История с Китси на время вытеснила у меня из головы визит Бориса, но стоило мне заснуть, и все это бочком просочилось в мои сны. Дважды я просыпался, подкидывался на кровати: один раз от того, что в хранилище кошмарным сном хлопает распахнутая дверь, а снаружи какие-то женщины в платках дерутся из-за кучки поношенной одежды; в другой раз, уснув, я переместился в новую часть того же сна — хранилище превратилось в задрапированное хлипкими занавесками пространство
Я посмотрел на телефон: четыре утра. Еще тошные полчаса — и я, голый по пояс, в темноте сажусь на кровати и, словно мошенник в каком-нибудь французском фильме, закуриваю и гляжу из окна на Лексингтон-авеню — в этот час там почти пустынно: только-только выезжают на работу такси, или с работы, как знать. Но сон, который кажется мне вещим, никак не рассеется, так и висит ядовитым облаком, а сердце у меня до сих пор колотится от его летучей опасности, от его пагубности и простора.
Пристрелить надо. Я переживал за картину, даже когда думал, что она круглый год лежит себе в безопасных условиях (как меня бодрым профессиональным тоном заверял рекламный буклет хранилища), при допустимых для хранения температуре 21 °C и влажности 50 процентов. Такую вещь нельзя просто куда-то засунуть. Ее нельзя было переохлаждать, нагревать, подвергать воздействию влаги или прямого солнечного света. Ее нужно было держать в строго выверенных условиях, как орхидеи в цветочной лавке. Стоило мне представить, как ее прячут за печь для пиццы, и мое идолопоклонническое сердце заходилось от ужаса, по-другому, конечно, но все равно почти как в тот раз, когда я думал, что водитель выкинет бедного Поппера из автобуса: в дождь, у обочины, черт знает где.

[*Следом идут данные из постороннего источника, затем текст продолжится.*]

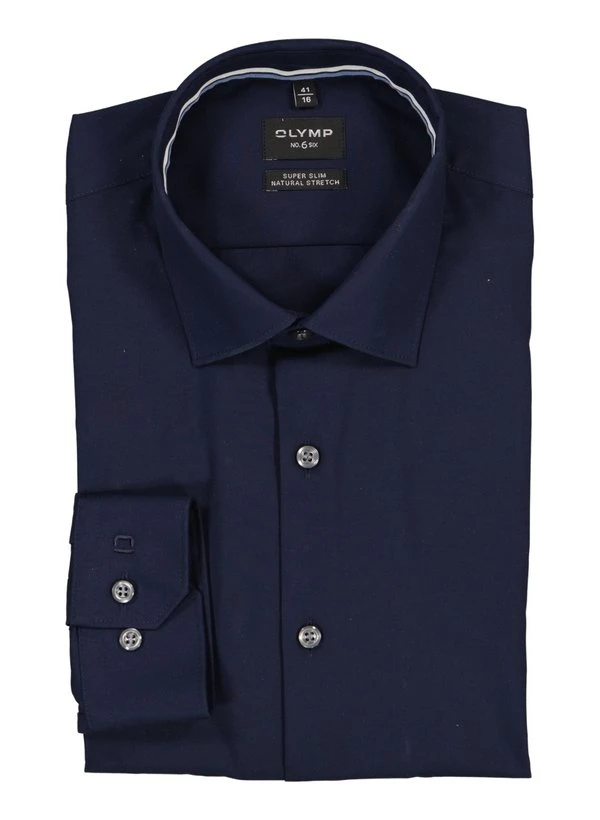Das tiefe Tintenblau verleiht diesem Hemd eine elegante Ausstrahlung, während die italienische Knopfleiste für raffinierte Details sorgt. Die reine Baumwolle fühlt sich atmungsaktiv auf der Haut an und bleibt dank natürlich dehnbarer Garne den ganzen Tag über knitterfrei. Im super slim Schnitt betont es eine moderne Silhouette und passt perfekt zum Business-Alltag. Der Kentkragen und die weitenverstellbare Sportmanschette runden das durchdachte Design ab. OLYMP verbindet seit 1951 schwäbische Präzision mit zeitgemäßem Stil – das Familienunternehmen steht für Hemden, die Funktionalität und Eleganz vereinen.
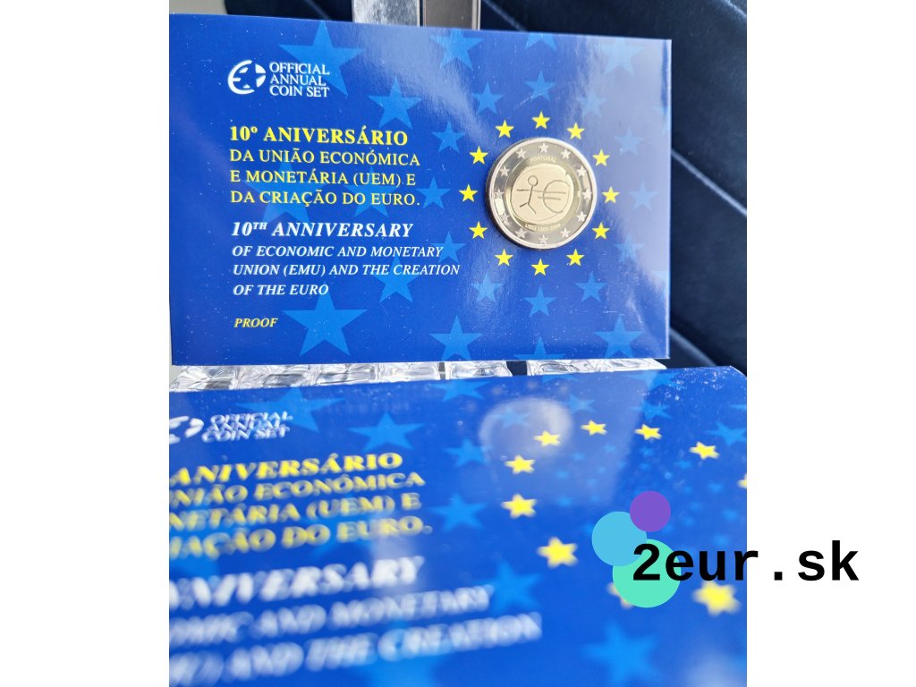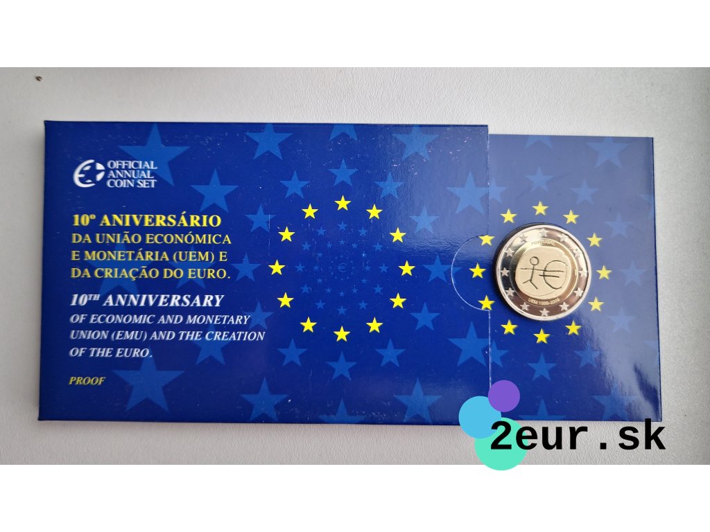 2 eurová minca Portugalsko 2009 „10 rokov eura – HMÚ (UEM)“ vychádza vo verzii Proof a dodáva sa v oficiálnom blistri. Emisia pripomína začiatok Hospodárskej a menovej únie v roku 1999 a nástup eura ako jednotnej meny. Ide o spoločnú emisiu krajín eurozóny z roku 2009.

Да и потом: а сколько картина пробыла у Бориса? У Бориса-то! Даже квартира Хорста, который считал себя таким ценителем искусства, показалась мне не слишком уж приспособленной для хранения шедевров. Жутких примеров хоть отбавляй: рембрандтовский «Шторм на море Галилейском», его единственный морской пейзаж, говорят, безвозвратно уничтожен из-за неправильных условий хранения. «Любовное письмо», шедевр Вермеера, вор-официант вырезал из рамы, а потом сложил и засунул под матрас, от чего картина помялась и облупилась на сгибах. «Бедность» Пикассо и «Таитянский пейзаж» Гогена попорчены водой, потому что какой-то имбецил спрятал их в общественном туалете. Когда я, как помешанный, читал все на эту тему, больше всего меня ужаснула история про картину Караваджо «Рождество со святым Франциском и святым Лаврентием», которую выкрали из часовни Святого Лаврентия: полотно так небрежно выкромсали из рамы, что коллекционер, который заказал кражу, разрыдался и отказался забирать картину.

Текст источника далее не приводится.